I'd buy a low mile used engine, and consider paying the dealer to flash the lastest ECM programming.


----------



## Blasirl (Mar 31, 2015)

I agree with Taxman except I would buy a cheap endoscope and look at the pistons and the bore above the pistons first.



Amazon.com


----------



## gwcrim (Sep 28, 2020)

I just talked with the service dept. They are going to present the situation (bad engine AND TC) with GM and see if they'll help.


----------



## Taxman (Aug 10, 2017)

Blasirl said:


> I agree with Taxman except I would buy a cheap endoscope and look at the pistons and the bore above the pistons first.


Easier said than done.
You can try to s-l-o-w-l-y rotate the camera, and watch the reflection of the piston on the cylinder wall, but it's very hard to get clean video of all 360°. After 26k, my cylinders are like mirrors, no crosshatch visible, so you pretty much watch the video frame by frame and look at the reflection of the piston for imperfections that aren't visible on the piston itself. Here's a best case example I recorded Tuesday. I think my #1 cylinder is good, but can't know for sure without pulling the head off and getting out my inside micrometers.

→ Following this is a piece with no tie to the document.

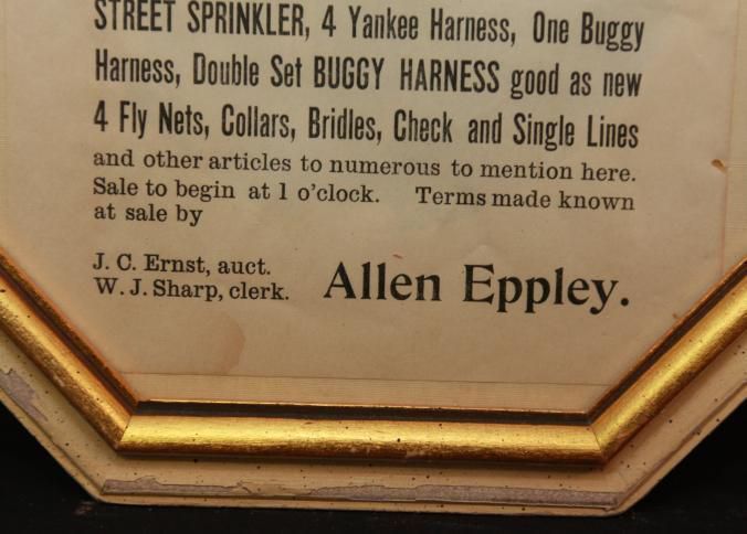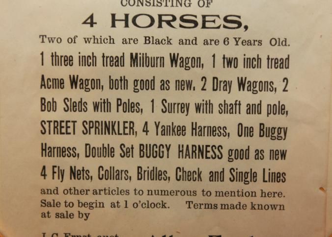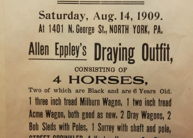 FR. 1909 PA FARM AUCTION BROADSIDE. 6X9" NORTH YORK, PA. AUCTIONEER J.C. ERNST. GREAT LISTING WITH "OTHER ARTICLES TOO NUMEROUS TO MENTION HERE." 1PM START.Created By
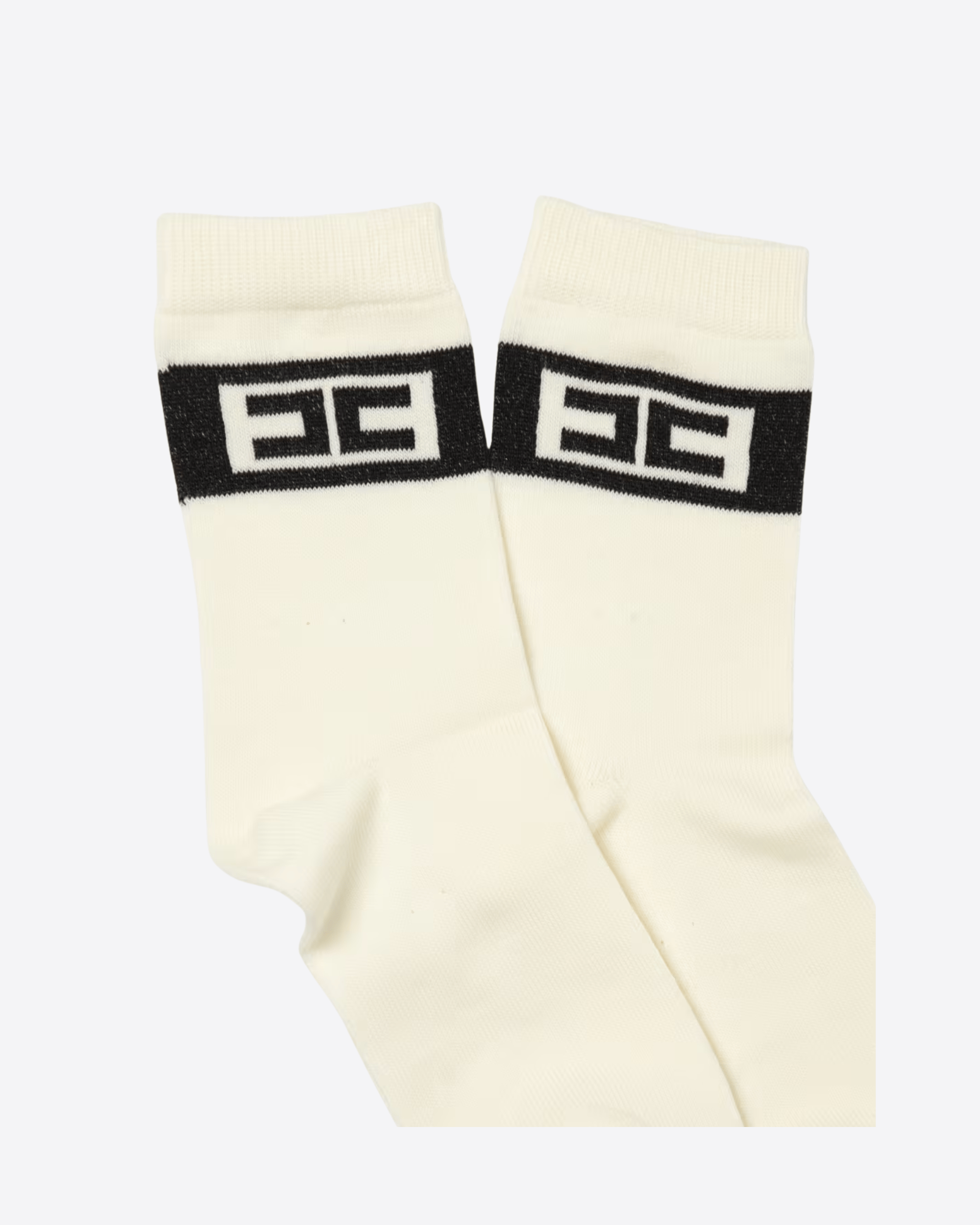 Calze da neonata in cotone elasticizzato, dal design elegante e confortevole. Realizzate in tessuto morbido e traspirante, presentano una raffinata lavorazione jacquard con logo, per un tocco distintivo e delicato.

Meanwhile, I've managed to negotiate $400 for a stripped very low mile engine and $400 for a 12,000 mile engine with turbo and throttle body attached. Since a piston, ring set, and connecting rod are over $100 each, and engine gasket sets aren't free, I'm better off just swapping in an engine with 2018 pistons already in it and less miles than my car had when I bought it. I'll pickle my old engine in oil, and if a 26k engine with 0k pistons is ever worth $1000 (seems like first gen engines go for that now) I'll rebuild and sell it.


----------